To ensure that background sequences generated by RNAinverse [48] are unbiased with respect to neutrality [49], the inverse folded sequences were used as a seed for a random walk along neutral sequences [31]. 4L steps are attempted and a step will be accepted only if the structure does not change. Any mutation which occurs in a base pair will also get a compensatory mutation to restore base pairing. If the random mutation results in the base being changed to a G, then the compensatory mutation will be randomly chosen, with equal probability, between a C and U.

Support vector machine

To implement a binary classifier support vector machine (SVM), the LibSVM package [50] in R was used. The SVM uses the calculated features to classify an input sequence as either “structured RNA” or “other”. The features used are a standard 6-feature set, including the Z-score of the MFE, structure conservation index, mean entropy of stems, mean mutual information of stems, mean pairwise identity and number of sequences [17,19], and neutrality, which is calculated using the measures described above. Performance of the SVM is evaluated by using 10x cross-fold validation on a data set and compared by calculating the area under the curve (AUC) in receiver operating characteristic (ROC) curve analysis.

Statistical analysis

All statistical tests were done in the R project for statistical computing. To test the significance of the separation of neutrality between structured and unstructured sequence, we used the Wilcoxon rank sum test, which is a non-parametric test and does not assume normally distributed data. Individual measures of neutrality were considered independently in this analysis.

To test correlation of neutrality using different measures, we first standardized the data by calculating the mean neutrality of RNA families because not all sequences are compatible with the structure or neutrality measure. Then the correlation was determined using the Spearman’s rank correlation coefficient.

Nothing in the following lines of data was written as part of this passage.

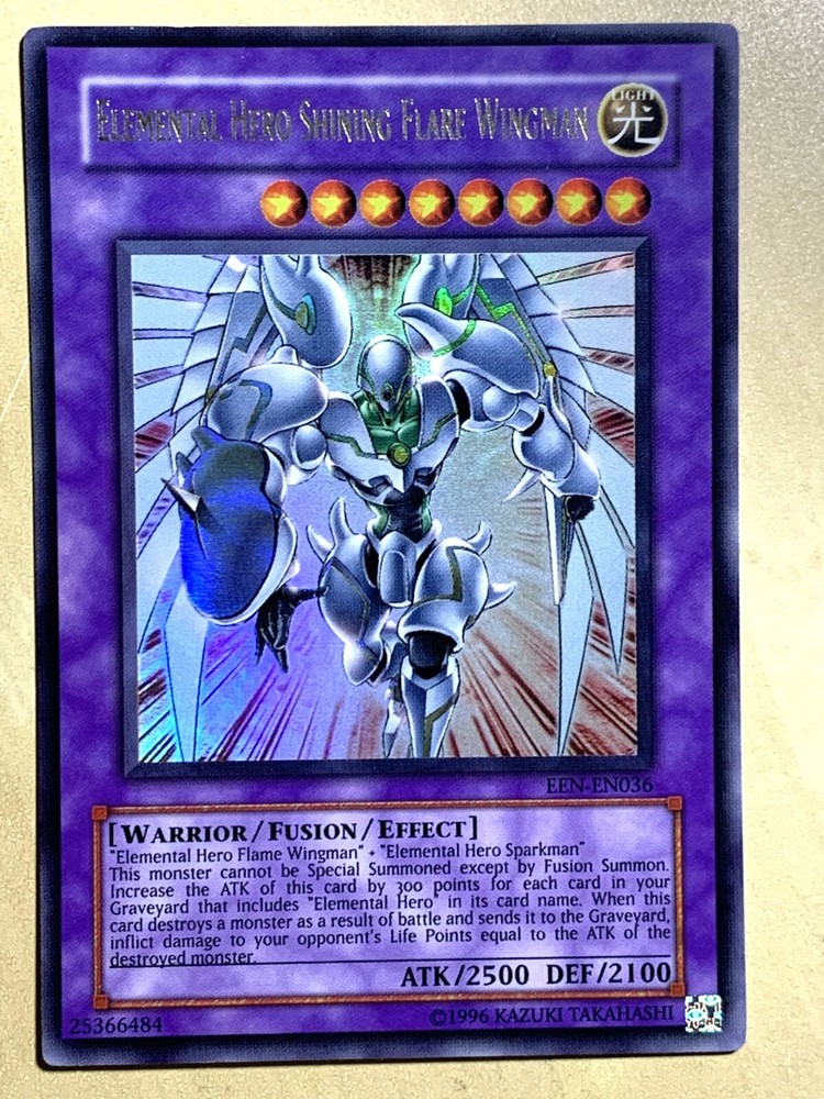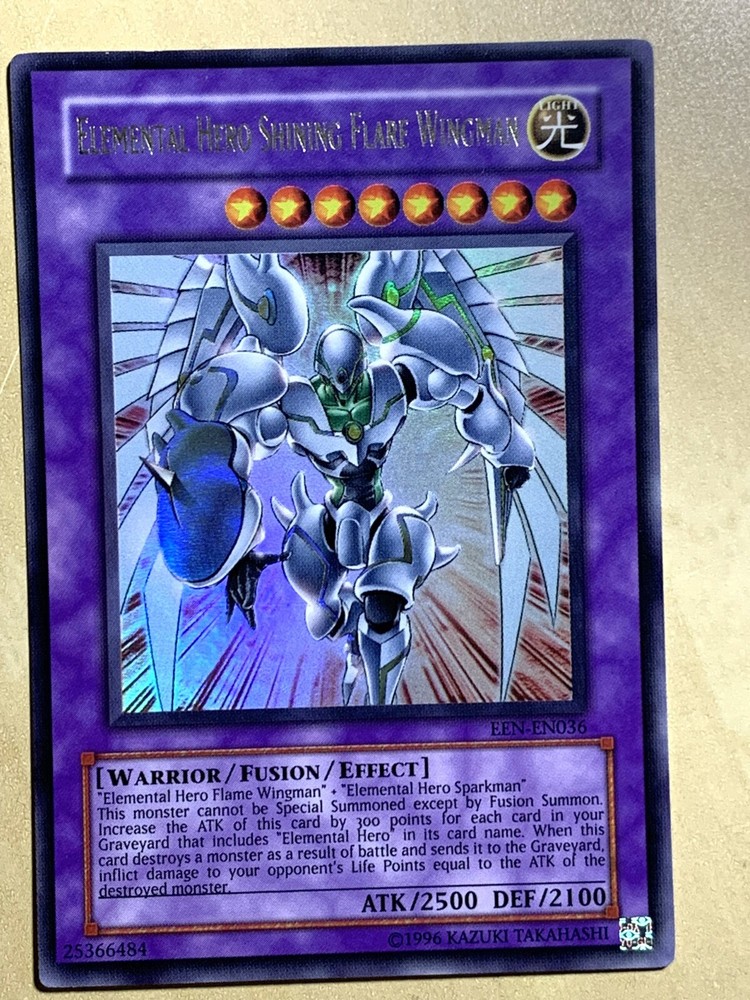 This auction is for (1x) one of the card listed in the title, in the condition listed in the title Elemental Hero Shining Flare Wingman EEN-EN036 Unlimited Edition Ultra Rare Near Mint Old School Vintage North America FOR TRADING CARDS: CONDITION INFORMATION v Near Mint (NM) – Card will be Mint or very close to it. v Lightly Played (LP) – Card will have edge wear and/or small dents, but no major creases. v Moderately Played/Played (MP/P) – Card will have visible creases, dents and/or edge wear. v Heavily Played (HP) – Card will noticeable damage such as large creases and/or heavy edge wear. v Damaged (Da) - Card will be in very played condition, heavy edgewear, large creases, entire card may be played. SHIPPING INFORMATION Ø Your items will be shipped out within 24 hours of purchase on BUSINESS DAYS ONLY . This excludes Saturdays, Sundays, and US Holidays. Please allow 2-9 business days for USPS to deliver your items Ø Please add all items to your cart prior to checkout to ensure your items are mailed together. Ø VERY IMPORTANT - PLEASE READ!!! Check your shipping address prior to check out to be sure that we are sending it to the correct address!!! Please be sure to include apartment or unit #’s when applicable. · A PLAYMAT will be shipped in a cardboard tube and tracking information will be included. Multiple playmats will be shipped in a large bubble mailer. · SLEEVES will be shipped in a bubble mailer and tracking information will be included. · CARDS will be placed into a top loader and a sleeve during shipping for protection. Purchases over $15 will have tracking information, free of charge. · FULL DECKS will be sleeved, placed in a deck box, and shipped in a bubble mailer. Tracking will be included. WE SHIP INTERNATIONALLY!!! International Buyers - Please Note: Import duties, taxes, and charges are not included in the item price or shipping cost. These charges are the buyer's responsibility. Please check with your country's customs office to determine what these additional costs will be prior to bidding or buying. · Excludes South America – NO EXCEPTIONS · We will not claim less than the value of what you purchase, so please do not ask. · We ship via the Global Shipping program. Shipping charges are created by eBay and received by their third party shipping department, therefore we do not have any control over the prices. o Includes tracking information (even outside the U.S.). o Insurance for package is also included. FEEL SAFE WHEN SHOPPING WITH US THANK YOU FOR SHOPPING WITH US, PLEASE CHECK OUT OUR OTHER ITEMS FOR MORE GREAT DEALS!
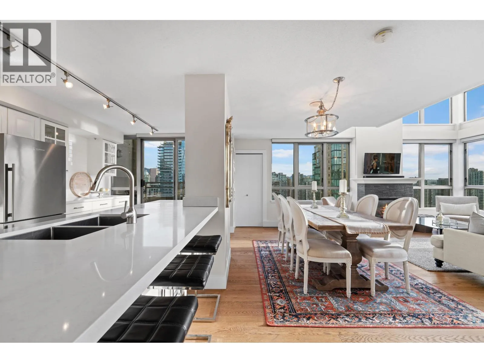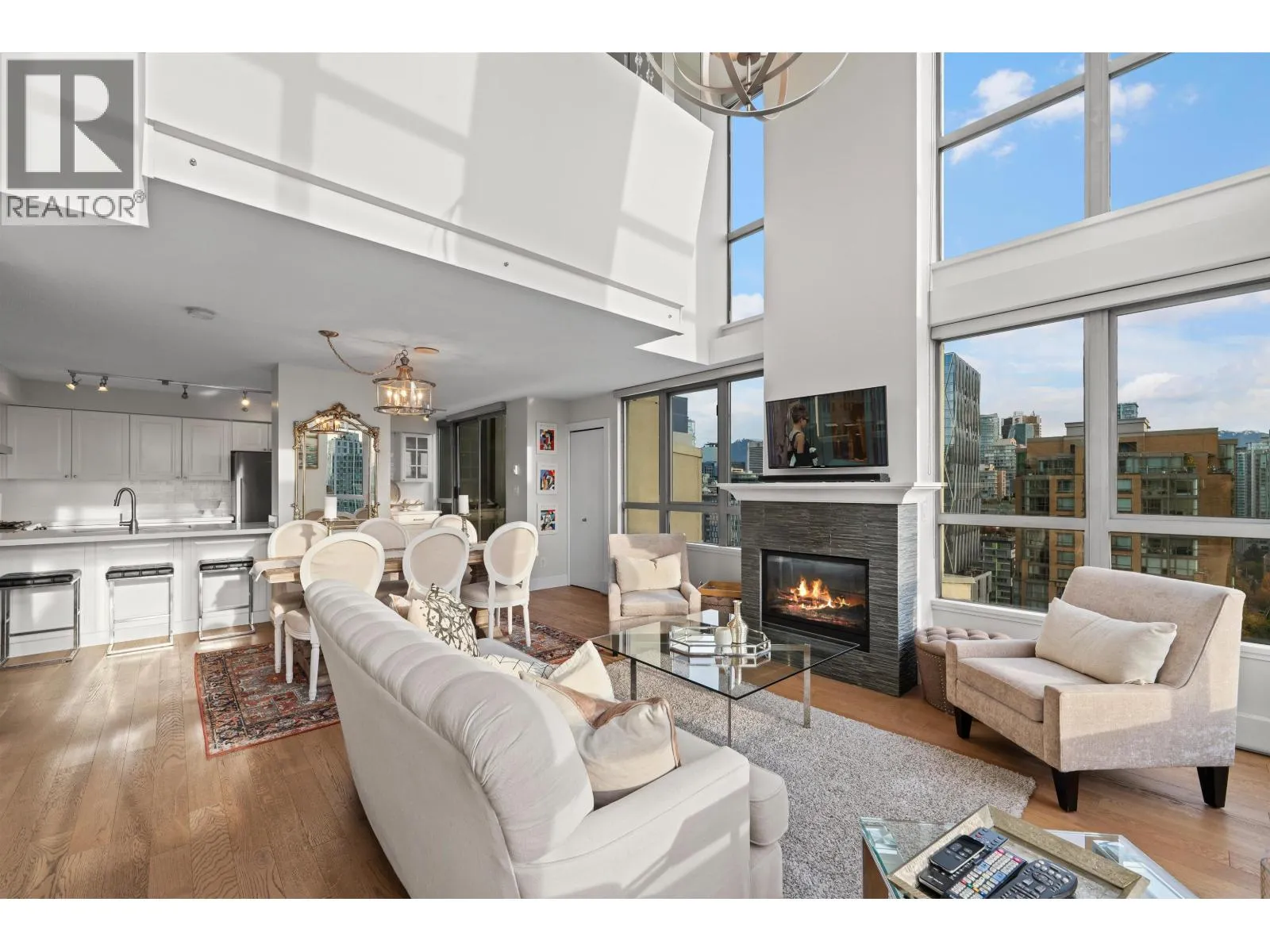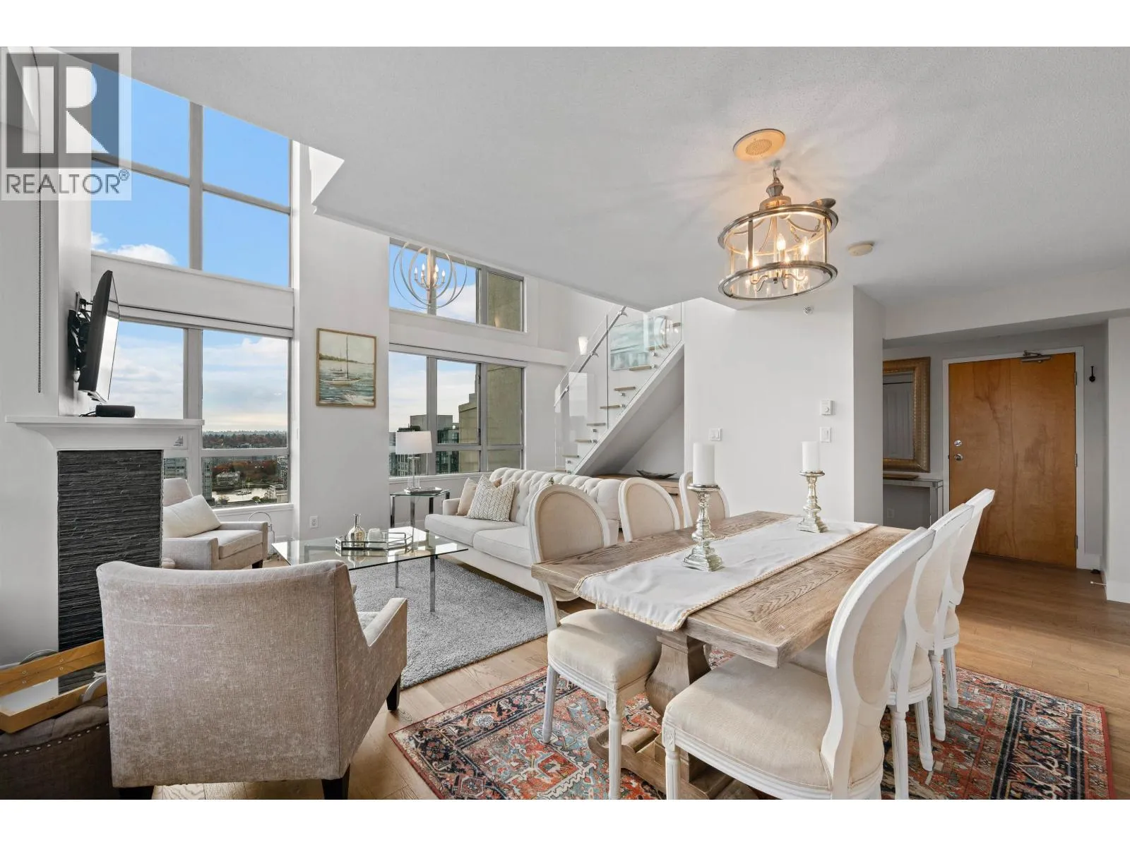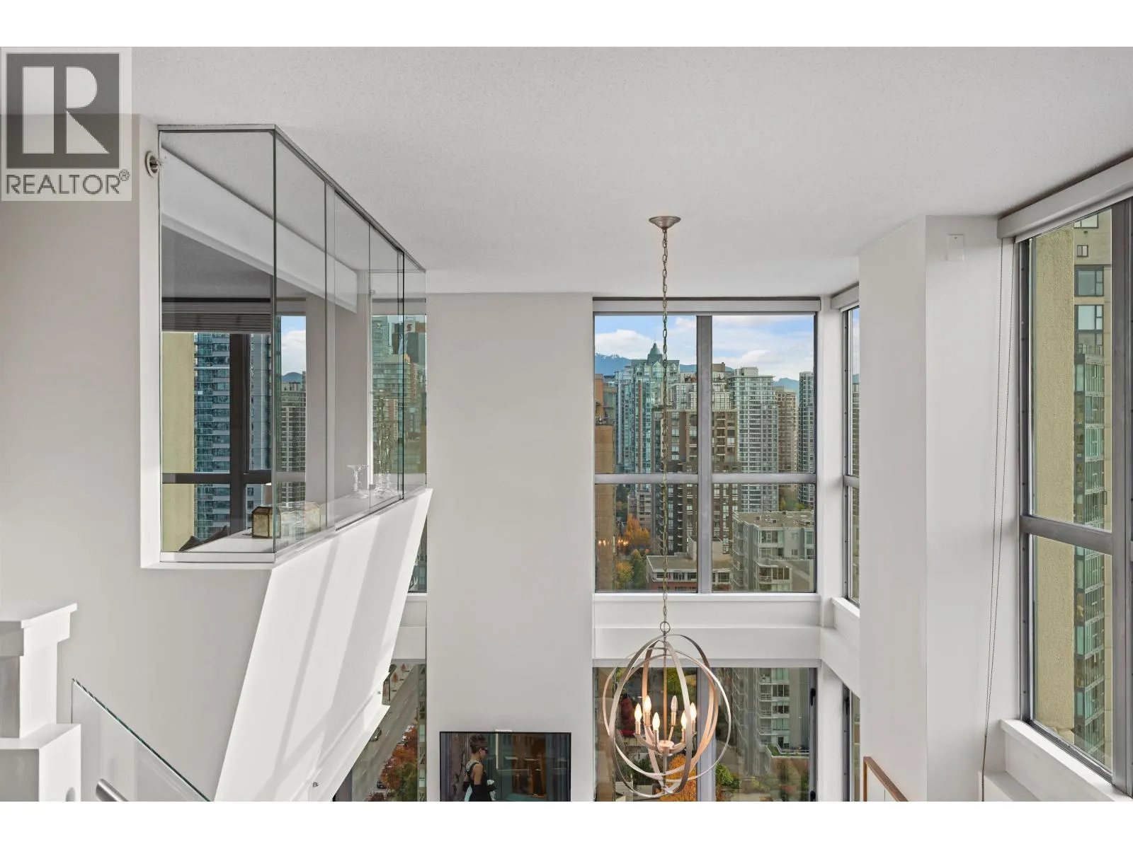 A true Yaletown icon. With 1,542 square ft of living space, 16-foot ceilings, and panoramic city-to-mountain views, this bright two-level corner loft at The Metropolis delivers both style and comfort. The fluid layout merges a granite-clad kitchen and open dining area with a dramatic double-height living room wrapped in glass and filled with natural light. Upstairs, the mezzanine reveals the primary suite with dual closets, ensuite, and a versatile den. A second bedroom on the main level provides ideal separation for guests. Set within a well-managed concrete building all just steps from the Seawall, parks, cafés, and Yaletown shopping. (id:27476)
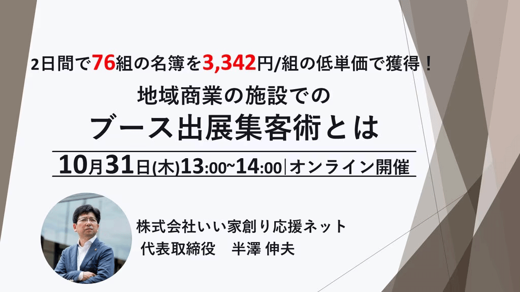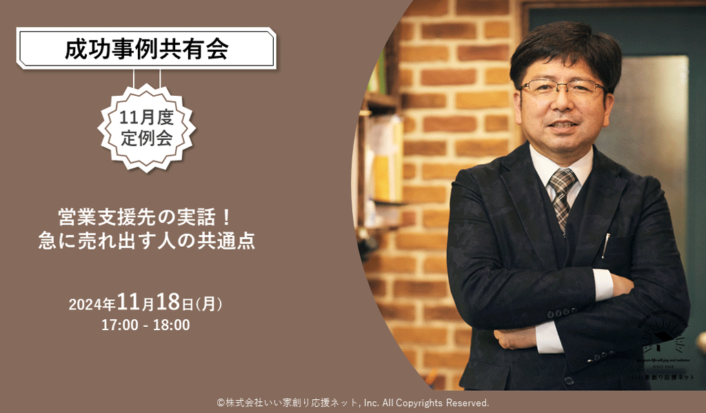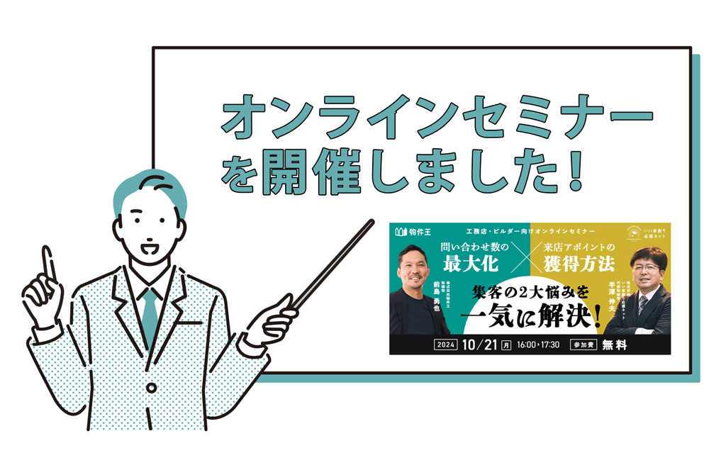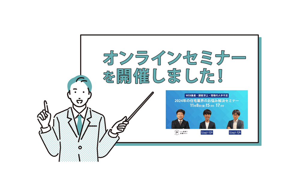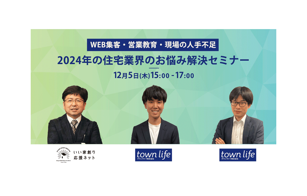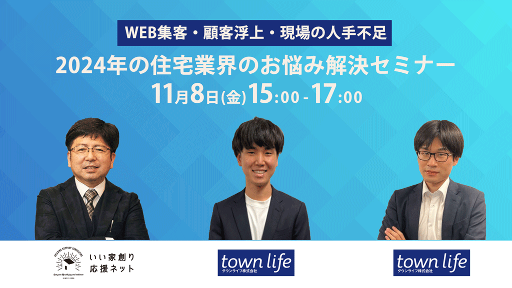 【無料】WEB集客・顧客浮上・現場の人手不足…2024年の住宅業界のお悩み解消セミナー 2024.11.01 開催予告 昨年も好評だった【タウンライフ】×【いい家創り応援ネット】のコラボセミナーがアップデートして帰ってきました。 今回は2024年の今、住宅会社や工務店からの相談が多い「集客」「営業」「人手不足」の各テーマに対して (SNS…
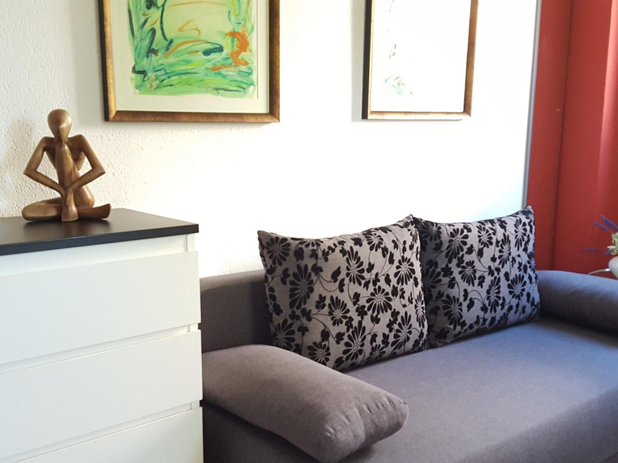 Inside the flat, you will find well thought-out furnishings that leave nothing to be desired. The bedroom is furnished with a comfortable double bed (2 m × 1.60 m), while an additional single bed and a sofa bed offer further sleeping options. The flat has a bathroom with shower, a fully equipped kitchen with an espresso pot, filter coffee machine and kettle. In addition, air conditioning in all rooms ensures pleasant temperatures at any time of year. A washing machine and tumble dryer for communal use in the building round off the offer.
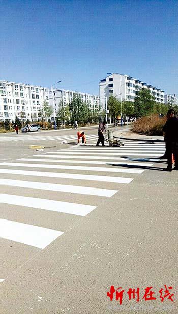 通過細(xì)致排查,交警大隊(duì)在廣惠園十字路口安裝紅綠燈一處,并在廣惠園與文淵路十字路口、通惠路與文淵路十字路口、通惠路與向陽街十字路口三處畫上了斑馬線,規(guī)范了城區(qū)通行秩序,為進(jìn)一步保障道路安全打下了堅(jiān)實(shí)的基礎(chǔ)。圖為工作人員正在道路上噴畫斑馬線張志遠(yuǎn)攝
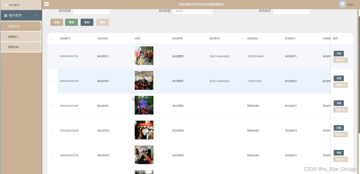 实践活动管理,在实践活动管理页面中可以对索引、活动编号、活动名称、封面、活动类型、项目队长、联系电话、活动地点、活动时间等信息进行详情查看评论、添加、或删除等操作,如图5-16所示。

Logistic regression was carried out using a generalized linear model where neutrality was used to predict the structure disruption, represented as 0 (no disruption) or 1 (disruption).

Results and discussion

Reference structure and distance metric impact calculated neutrality

A set of structured RNA alignments derived from Rfam seed alignments (Dataset2, Table 1, Additional file 1: Table S1) was used to validate SEN as a measure of neutrality by comparing its performance to other measures that are the basis of most programs designed to capture RNA structural robustness: bp-distance and PCC. First, bp-distance performance was evaluated using both the original method which only takes an input sequence, implemented in RNAmute, and a modified version we implemented, which requires a given sequence and structure. By comparing these bp-distance implementations, we examine the effect of the input structure on neutrality and establish a baseline performance to compare SEN with existing methods. In addition, RNAmute can use two different structure representations to provide either a fine grained view (dot-bracket (db) notation) or coarse grained view (Shapiro representation) of structure to calculate base-pair distance. The neutrality RNAmute calculated using the db notation shows a small separation between structured (median = 0.8454) and unstructured sequences (medians = 5’-Clustal = 0.7807, 5’-Mxscarna = 0.7855, 3’-Clustal = 0.8069, 3’-Mxscarna = 0.8069, Shuffled = 0.7731) (Figure 1A). Using the Shapiro structure as an alternative representation to calculate neutrality shifted the neutrality lower (structured median = 0.7777, unstructured medians = 0.6553, 0.6850, 0.6925, 0.6925, 0.6615), but the results remain highly correlated (ρ=0.9306) (Table 2) with the db structure notation results (Figure 1B) indicating similar performance. However, using our modified version of bp-distance that imports the structure from the alignment does incrementally improve separation of structured RNAs and negative data (0.7654 vs. 0.6293, 0.7229, 0.6692, 0.6692, 0.6618) compared to RNAmute (Figure 1C) demonstrating that using the consensus structure from the alignment improves the accuracy of the structure. The correlation between using the MFE structure and a given structure (ρ = 0.565) indicates that using the given structure may improve the neutrality calculation but does not completely deviate from existing methods.

Figure 1
figure 1

SEN calculated neutrality has larger separation between structured and unstructured sequence. Distribution of neutrality values from Dataset2 compare the performance of various distance functions (A) RNAmute dot-bracket representation, (B) RNAmute Shapiro representation, (C) bp-distance, (D) Pearson’s Correlation Coefficient (PCC), and (E) Sampled Ensemble Neutrality (SEN). The 3’ and 5’ flanking region used for negatives are referred to as 3prime and 5prime, respectively. The SEN on the positive test set has a larger separation between the negatives, compared to other measures. All distance metrics show unstructured sequence to be low on their respective scales. Lastly, the SEN uses a large dynamic range of values compared to the base pair distance metric which will increase its sensitivity between highly similar structures.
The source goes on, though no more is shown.